Jul 7, 2017 09:39 AM

Improper tightening and vibration likely led to the incident involving a diesel generator

The fire can be seen in this image from one of the ship's closed-circuit TV cameras.

Courtesy NTSB

The fire can be seen in this image from one of the ship's closed-circuit TV cameras.

The following is a marine accident brief from the National Transportation Safety Board (NTSB):

(WASHINGTON) — On Sept. 7, 2015, about 1133 local time, a fire broke out in the engine room aboard cruise ship Carnival Liberty. At the time, the vessel was alongside the dock in the Port of Charlotte Amalie, St. Thomas, U.S. Virgin Islands. The master ordered the passengers aboard the vessel to evacuate to the dock. The crew used the ship’s water mist and carbon dioxide (CO2) firefighting systems to extinguish the fire. No one was injured, nor was any environmental damage reported.
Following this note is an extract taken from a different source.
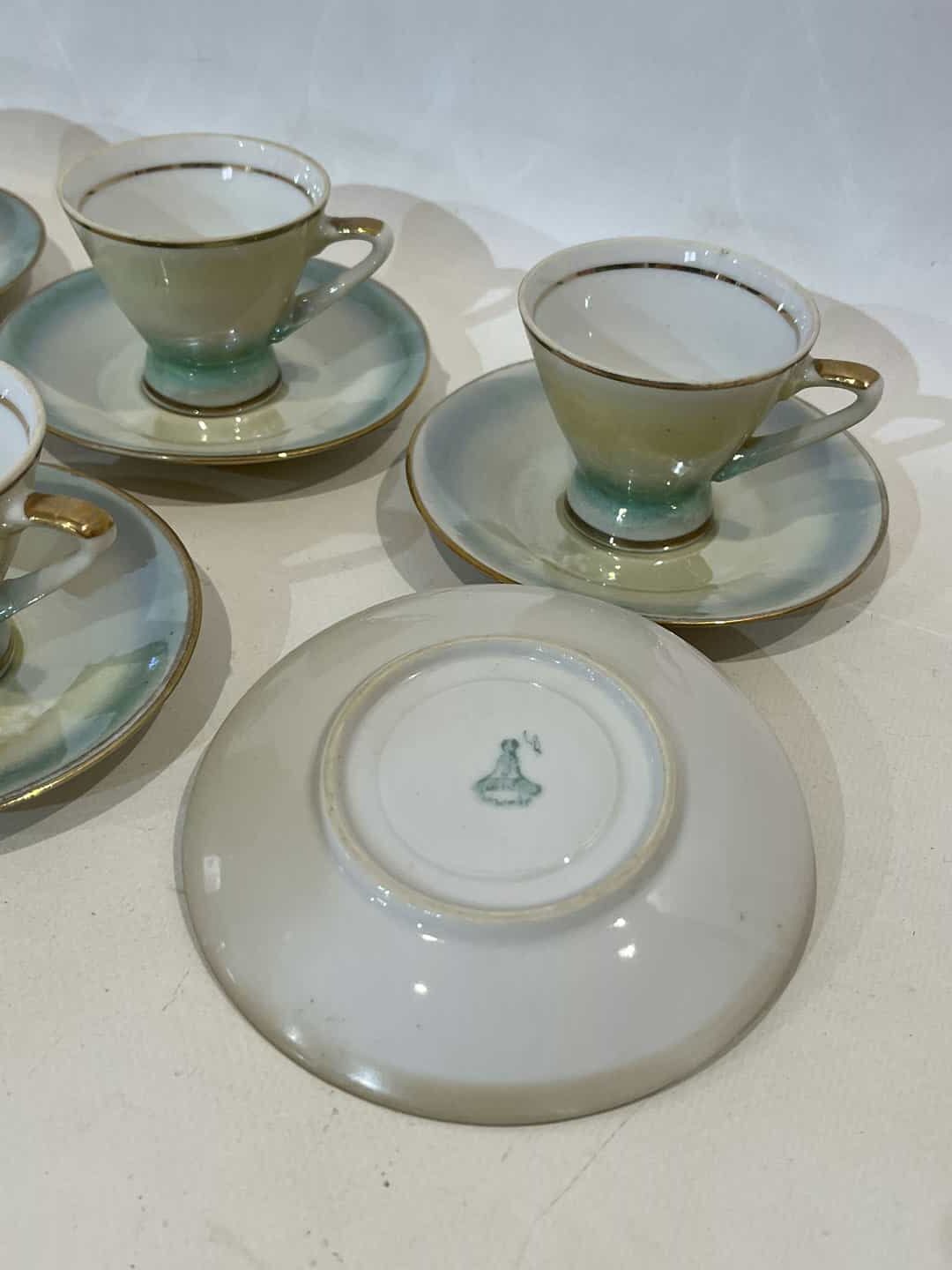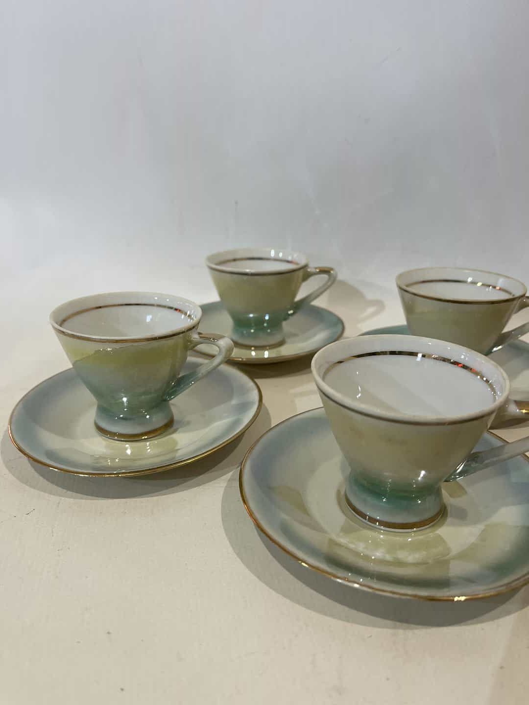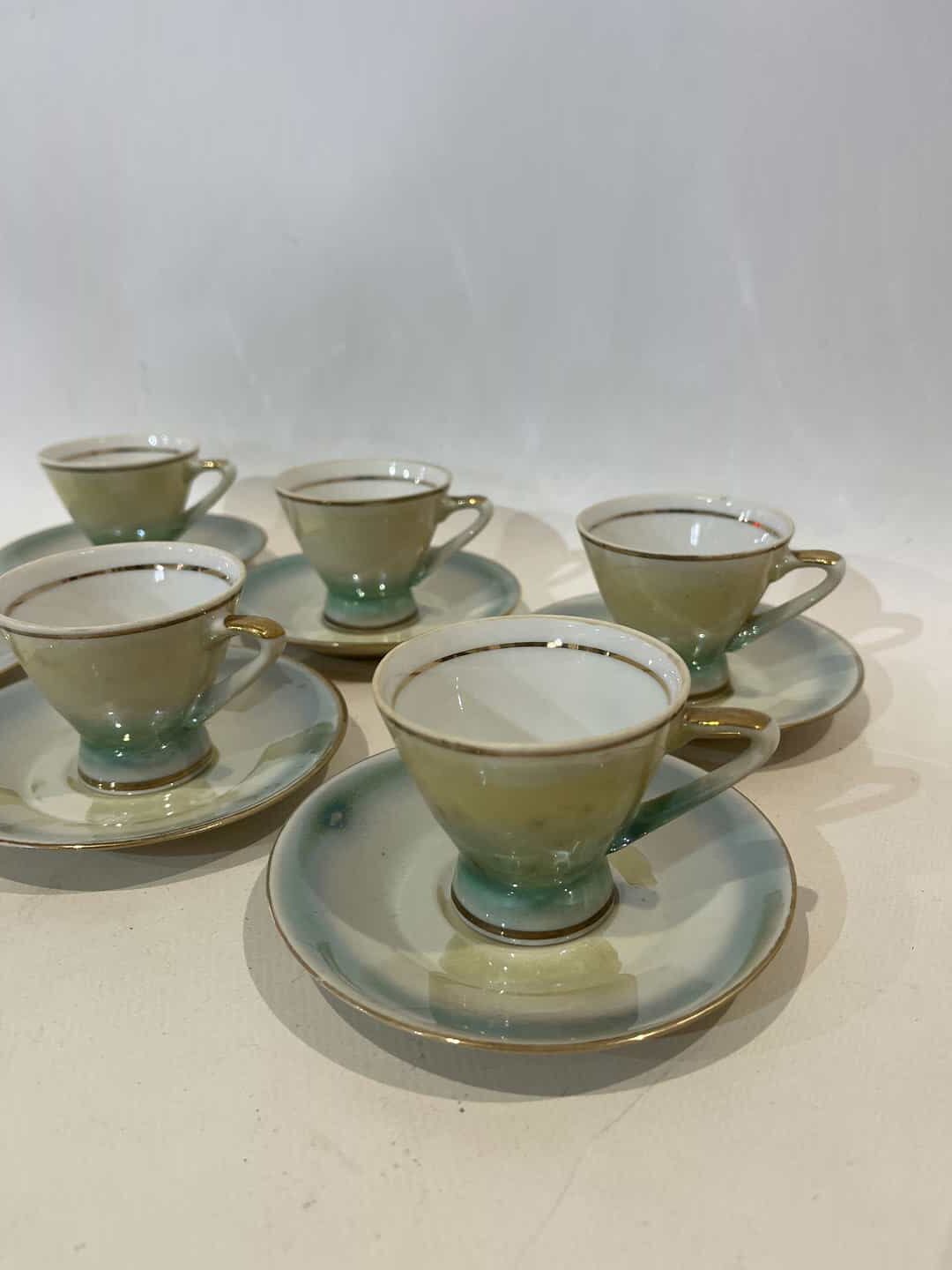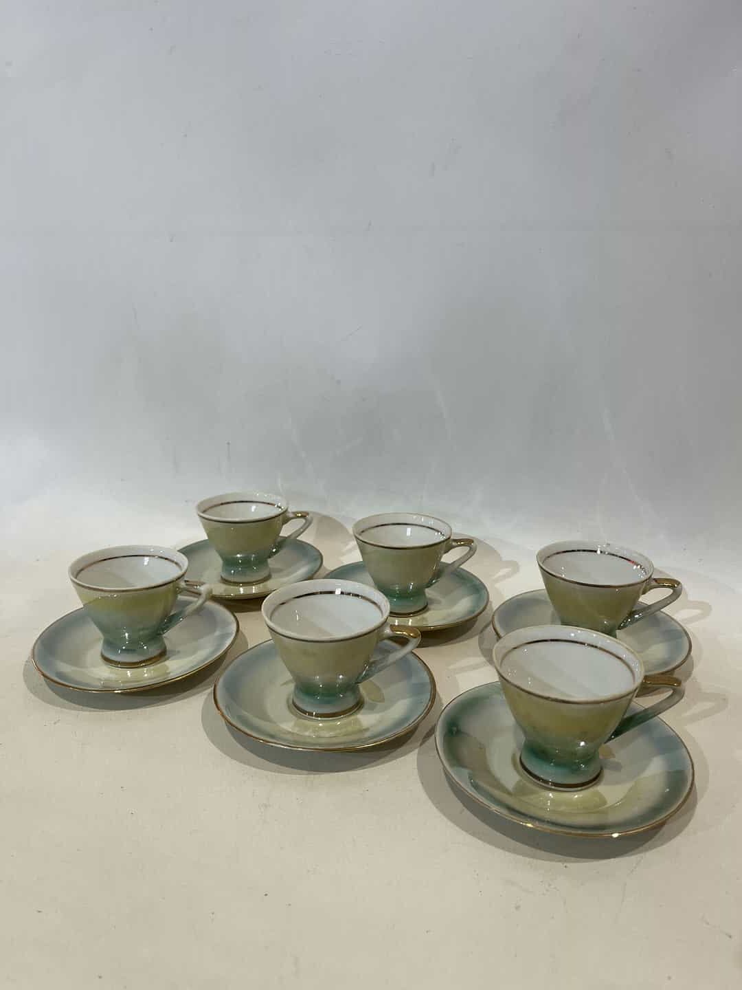 Σετ 6 πορσελάνινα φλιτζανάκια του καφέ με πιατάκια Mid Century σε μπλε/πράσινο χρώμα. Διαστάσεις πιατάκι: 11cm , φλιτζανάκι: 5x8x6 . Το χρώμα τους είναι λίφο ξεθοριασμένο Κωδικός προϊόντος: #s15677

Fire damage to the ship was estimated at $1.72 million.

Probable cause

The National Transportation Safety Board determines that the probable cause of the engine room fire aboard Carnival Liberty was loosened bolts, likely resulting from improper tightening during prior maintenance and vibration of the piping over time, on a fuel supply inlet flange on diesel generator 4, which triggered an uncontrolled fuel spray from the inlet flange onto a hot surface on the diesel generator.